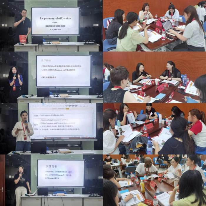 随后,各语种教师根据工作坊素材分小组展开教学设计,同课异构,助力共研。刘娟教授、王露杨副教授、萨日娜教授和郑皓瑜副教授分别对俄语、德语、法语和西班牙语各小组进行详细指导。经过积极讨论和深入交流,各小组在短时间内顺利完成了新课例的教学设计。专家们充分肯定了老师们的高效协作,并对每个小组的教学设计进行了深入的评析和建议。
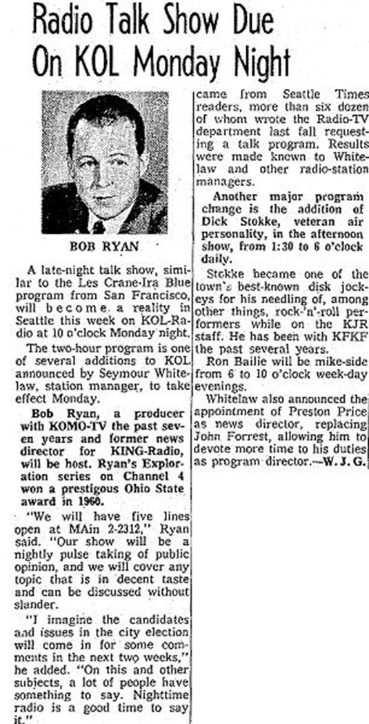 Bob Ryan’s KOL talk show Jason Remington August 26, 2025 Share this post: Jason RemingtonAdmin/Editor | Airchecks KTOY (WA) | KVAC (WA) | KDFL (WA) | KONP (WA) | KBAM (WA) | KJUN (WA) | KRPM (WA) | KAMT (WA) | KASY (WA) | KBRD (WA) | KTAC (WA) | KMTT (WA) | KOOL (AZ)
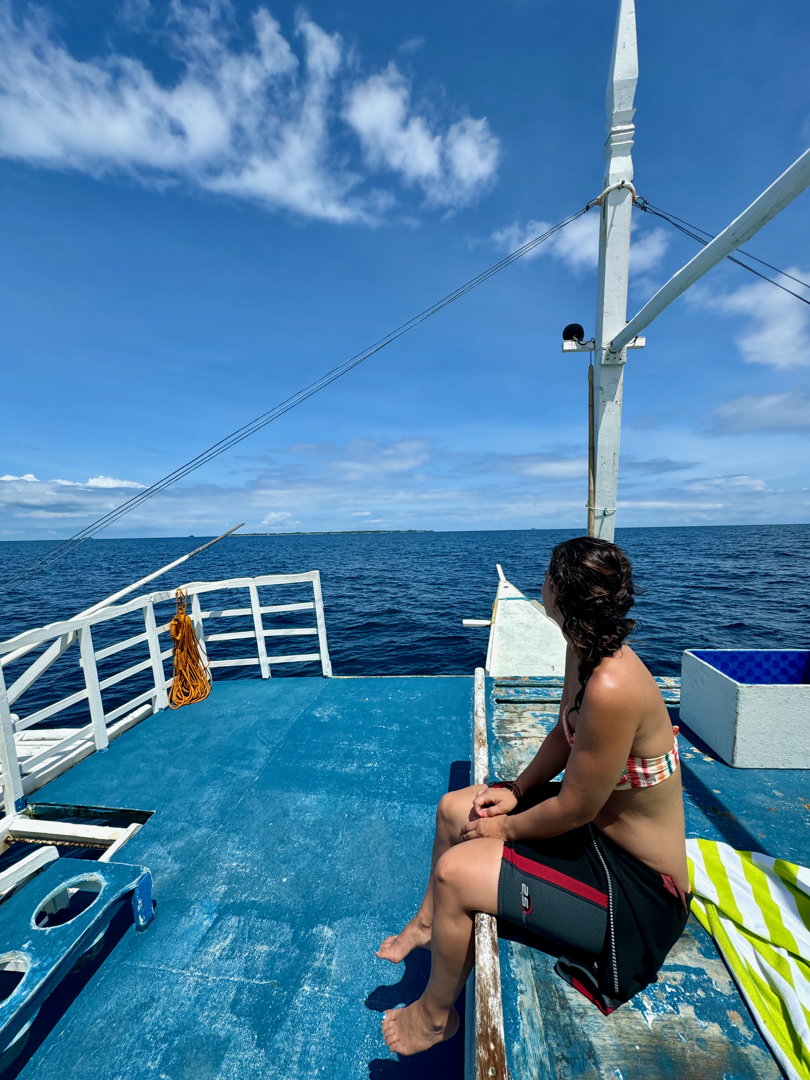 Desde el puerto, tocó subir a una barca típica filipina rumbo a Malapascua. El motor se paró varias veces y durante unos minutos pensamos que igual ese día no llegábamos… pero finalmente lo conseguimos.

· · · · · · ·

[WORK INSTRUCTION] The listing should be transcribed exactly. No picture is to appear in the transcription.

[PROBLEM SOLUTION]
 随后,各语种教师根据工作坊素材分小组展开教学设计,同课异构,助力共研。刘娟教授、王露杨副教授、萨日娜教授和郑皓瑜副教授分别对俄语、德语、法语和西班牙语各小组进行详细指导。经过积极讨论和深入交流,各小组在短时间内顺利完成了新课例的教学设计。专家们充分肯定了老师们的高效协作,并对每个小组的教学设计进行了深入的评析和建议。
 Bob Ryan’s KOL talk show Jason Remington August 26, 2025 Share this post: Jason RemingtonAdmin/Editor | Airchecks KTOY (WA) | KVAC (WA) | KDFL (WA) | KONP (WA) | KBAM (WA) | KJUN (WA) | KRPM (WA) | KAMT (WA) | KASY (WA) | KBRD (WA) | KTAC (WA) | KMTT (WA) | KOOL (AZ)
 Desde el puerto, tocó subir a una barca típica filipina rumbo a Malapascua. El motor se paró varias veces y durante unos minutos pensamos que igual ese día no llegábamos… pero finalmente lo conseguimos.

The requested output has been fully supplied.